• _DATASET CONTENT_

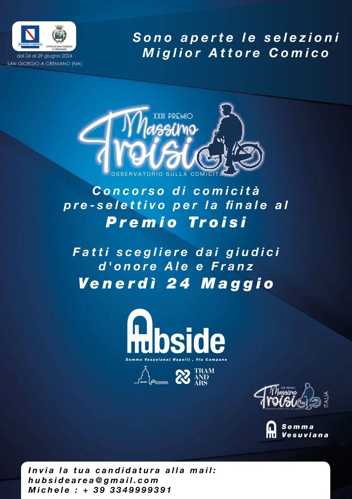 Il Premio Massimo Troisi, concorso nazionale dedicato allo spettacolo prevalentemente dedicato ad attori comici istituito nel 1996 arriva al Casamale. La collaborazione tra il comune di San Giorgio a Cremano e l’Hubside (spazio libero delle Arti curato dalle associazioni Amici del Casamale e Tramandars) ha permesso la realizzazione di un concorso comico pre-selettivo per le fasi finali del premio Troisi, quest’anno con la direzione artistica di Ale e Franz. La partecipazione è aperta a tutti gli aspiranti comici e cabarettisti della regione Campania, già numerose le adesioni. Il concorso di miglior comico del Casamale si svolgerà nello spazio Hubside, ipogeo della Chiesa Collegiata sito in via Campane il 24 Maggio e permetterà al vincitore di entrare direttamente alla semifinale del premio Troisi di fine Giugno. I partecipanti verranno valutati da una giuria popolare e una giuria tecnica formata da: Luca Bruno, vincitore uscente del premio Troisi, l’attore ed autore teatrale Rosario Minervini e la bravissima Maria Bolignano che ricoprirà il ruolo di presidentessa di giuria. Ingresso gratuita, gradita e fondamentale la partecipazione!
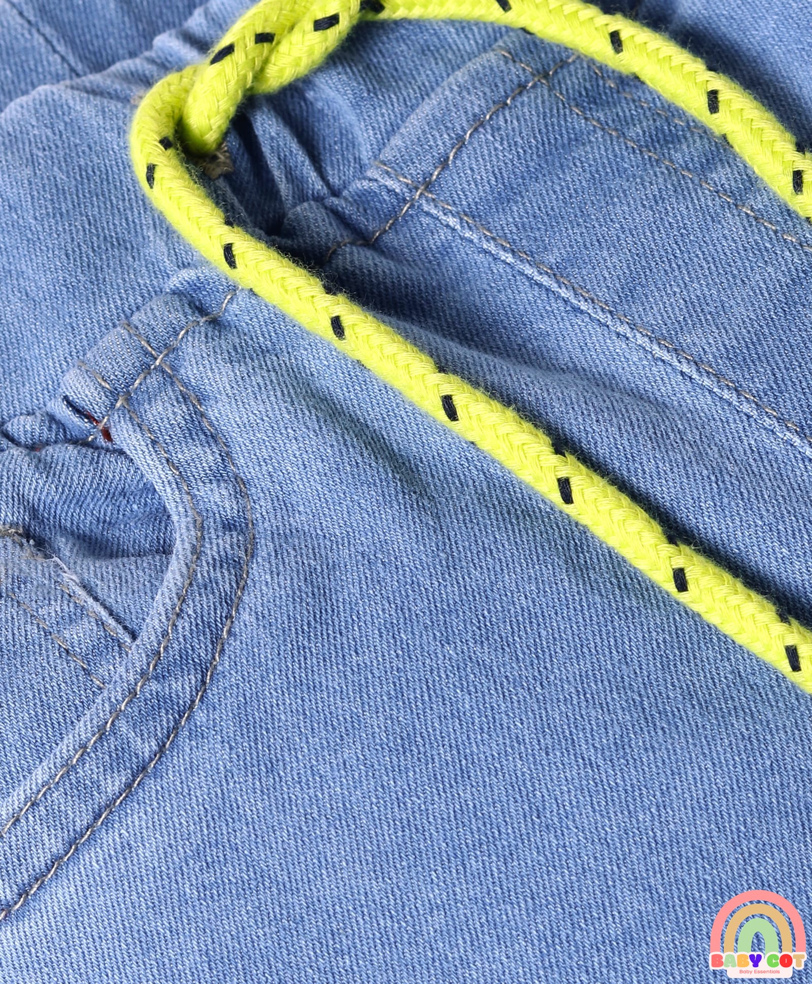 Full Length Washed Denim Jeans With Stretch - Light Blue
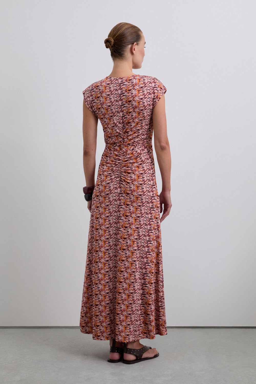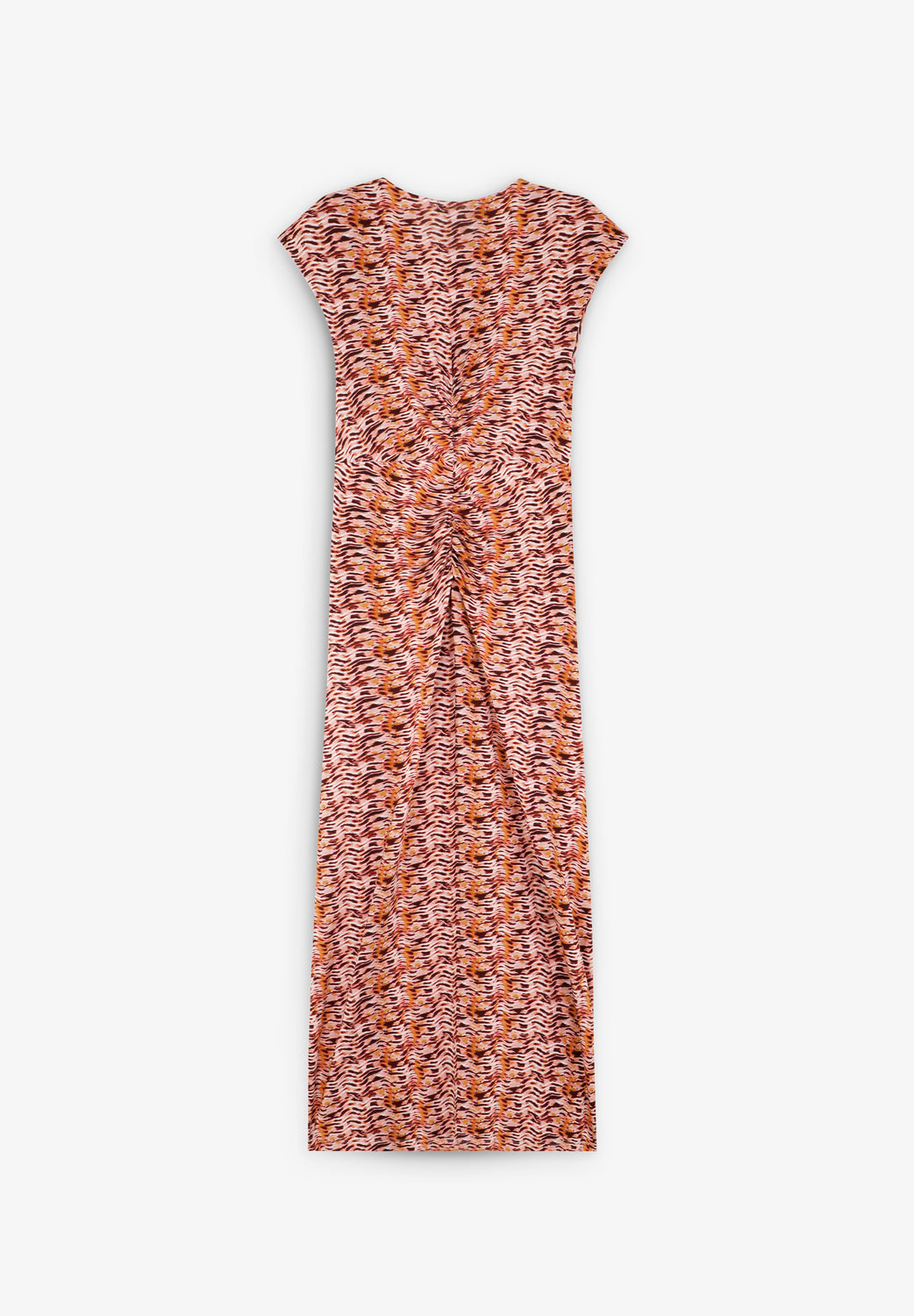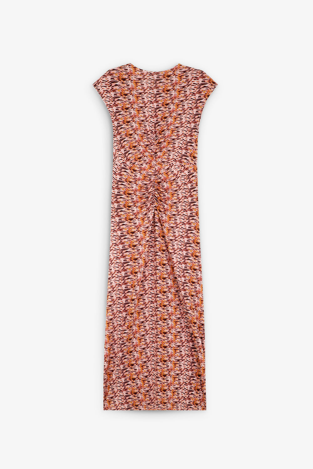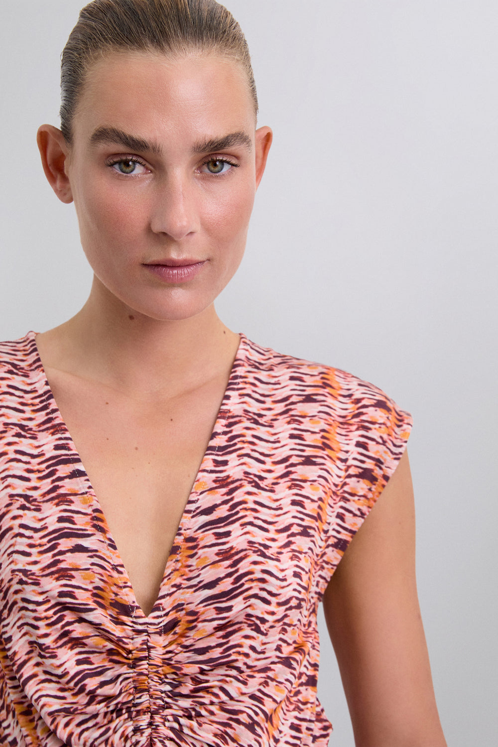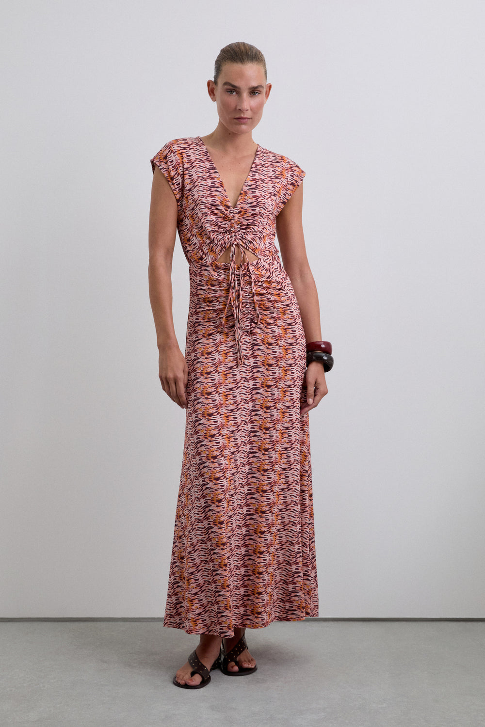 Vestido confeccionado en viscosa ligeramente elástico con estampado. Corte slim fit, escote en V y manga corta. Detalle de cut out frontal con lazada ajustable en pecho.

• _TASK TO CARRY OUT_
Set down the material above exactly as written, but not the pictures.

• _WORKED SOLUTION_
 Il Premio Massimo Troisi, concorso nazionale dedicato allo spettacolo prevalentemente dedicato ad attori comici istituito nel 1996 arriva al Casamale. La collaborazione tra il comune di San Giorgio a Cremano e l’Hubside (spazio libero delle Arti curato dalle associazioni Amici del Casamale e Tramandars) ha permesso la realizzazione di un concorso comico pre-selettivo per le fasi finali del premio Troisi, quest’anno con la direzione artistica di Ale e Franz. La partecipazione è aperta a tutti gli aspiranti comici e cabarettisti della regione Campania, già numerose le adesioni. Il concorso di miglior comico del Casamale si svolgerà nello spazio Hubside, ipogeo della Chiesa Collegiata sito in via Campane il 24 Maggio e permetterà al vincitore di entrare direttamente alla semifinale del premio Troisi di fine Giugno. I partecipanti verranno valutati da una giuria popolare e una giuria tecnica formata da: Luca Bruno, vincitore uscente del premio Troisi, l’attore ed autore teatrale Rosario Minervini e la bravissima Maria Bolignano che ricoprirà il ruolo di presidentessa di giuria. Ingresso gratuita, gradita e fondamentale la partecipazione!
 Full Length Washed Denim Jeans With Stretch - Light Blue
 Vestido confeccionado en viscosa ligeramente elástico con estampado. Corte slim fit, escote en V y manga corta. Detalle de cut out frontal con lazada ajustable en pecho.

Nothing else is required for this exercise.